To increase Foreign Affairs influence on Savimbi and to keep an ear to the ground, we had an experienced official, the late John Sunde, open an office in Northern Namibia at Rundu. Initially Minister Pik Botha wanted him to be stationed at Jamba, Savimbi’s stronghold in Angola itself. Thankfully wiser counsel prevailed.

The Administrator General in Namibia, an appointee of the South African President, had to be dragged along kicking and screaming. Early in 1988, when UN supervised elections were just a few months away, I attended a meeting of the Administrator General's Working Group on the elections. He strode into the room with a spring in his step. "I have the winning recipe that will deny Swapo victory" he announced. All it amounted to was a plan to gerrymander Namibia’s towns and country areas into wards and constituencies that made no sense, but would disadvantage SWAPO.  Just as bad was his final farewell to President Nujoma: “Now don’t you mess up this beautiful country!” or words to that effect.

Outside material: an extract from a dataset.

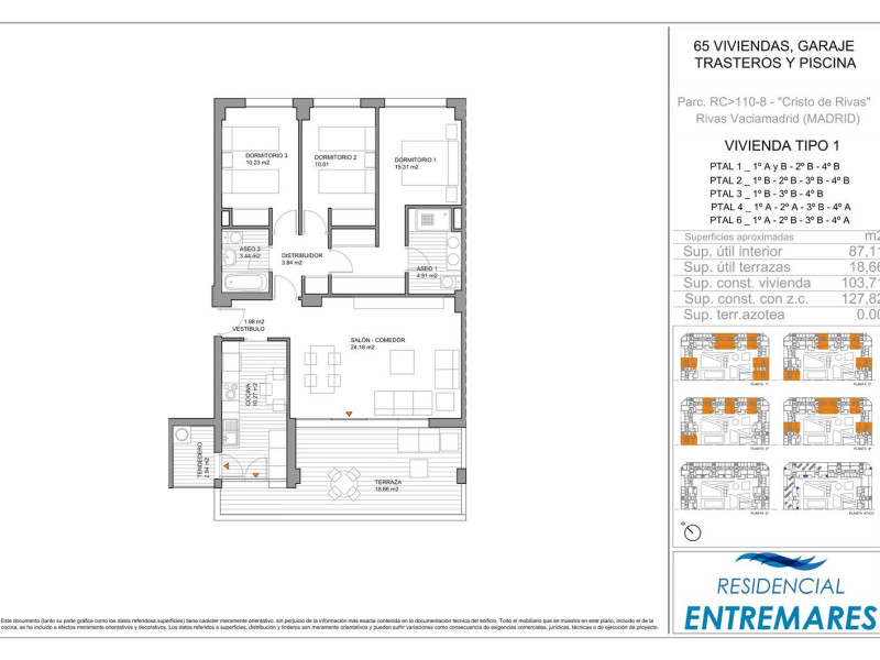 Alborea Real Estate gestiona en Rivas Vaciamadrid el Residencial Entremares, 65 viviendas exclusivas de 3 y 4 dormitorios dotadas de grandes terrazas, 2 plazas de garaje y trastero que se desarrolla en régimen de cooperativa.La promoción se encuentra en el Cristo de Rivas, una de las zonas de mayor crecimiento y mejor valoradas del municipio, inspirada en la estrategia de desarrollo urbano sostenible de Rivas.La zona está dotada de parques, supermercados y colegios. Un futuro centro deportivo, centro de salud con especialidades y un centro de urgencias completarán sus equipamientos. Cuenta con transporte público de autobuses y la línea 9 de metro. Muy importante es el nuevo acceso directo a Rivas desde la M-50 que estará finalizado para el 2023.Una construcción cerrada con planta baja, más 5 alturas y ático con zona común interior ajardinada, piscina y local comunitario.Las viviendas destacan por sus excelentes calidades. Con doble orientación y ventilación cruzada, dispone de aerotermia, para calefacción y refrigeración por suelo radiante. Eficiencia energética A que supondrá un gran ahorro energético.Las cocinas amuebladas con electrodomésticos, carpintería interior lacada en blanco, suelos de gres imitación madera, tabiques de doble placa de yeso con aislante, pintura lisa plástica…. son algunas de los acabados de nuestras viviendas.Las obras están iniciadas y la entrega de las viviendas está prevista para Abril de 2025.La promoción está ocupada al 70% quedando viviendas disponibles a la venta. No te quedes sin la tuya.Contacta con nosotros, estaremos encantados de asesorarte en nuestra oficina de información y venta, con cita previa.

The ruling National Party caucus signed off on negotiations in Namibia on the understanding that it was an off-shore exercise to see whether one could negotiate with “terrorists” without the sky falling on one’s head.  Many of them believed that if the results were not to their liking, the process could be reversed. They had very limited understanding of the dynamics that made independence inevitable. Most of us knew by then that it was just a question of how rough or smooth the transition would be.

A few months after Namibian independence the first formal talks on SA soil between the ANC and the SA governments were held in Somerset West. I was invited to the first meeting on the government side to talk about the logistics of negotiations and never again. I understand that someone advised FW de Klerk that DFA had “given away South West Africa” and should not be allowed to do the same to South Africa. I like to think that the SA Government would not have been so frequently out-maneuvered at Codesa if they had used the technical expertise Foreign Affairs had built up in the Namibia initiative.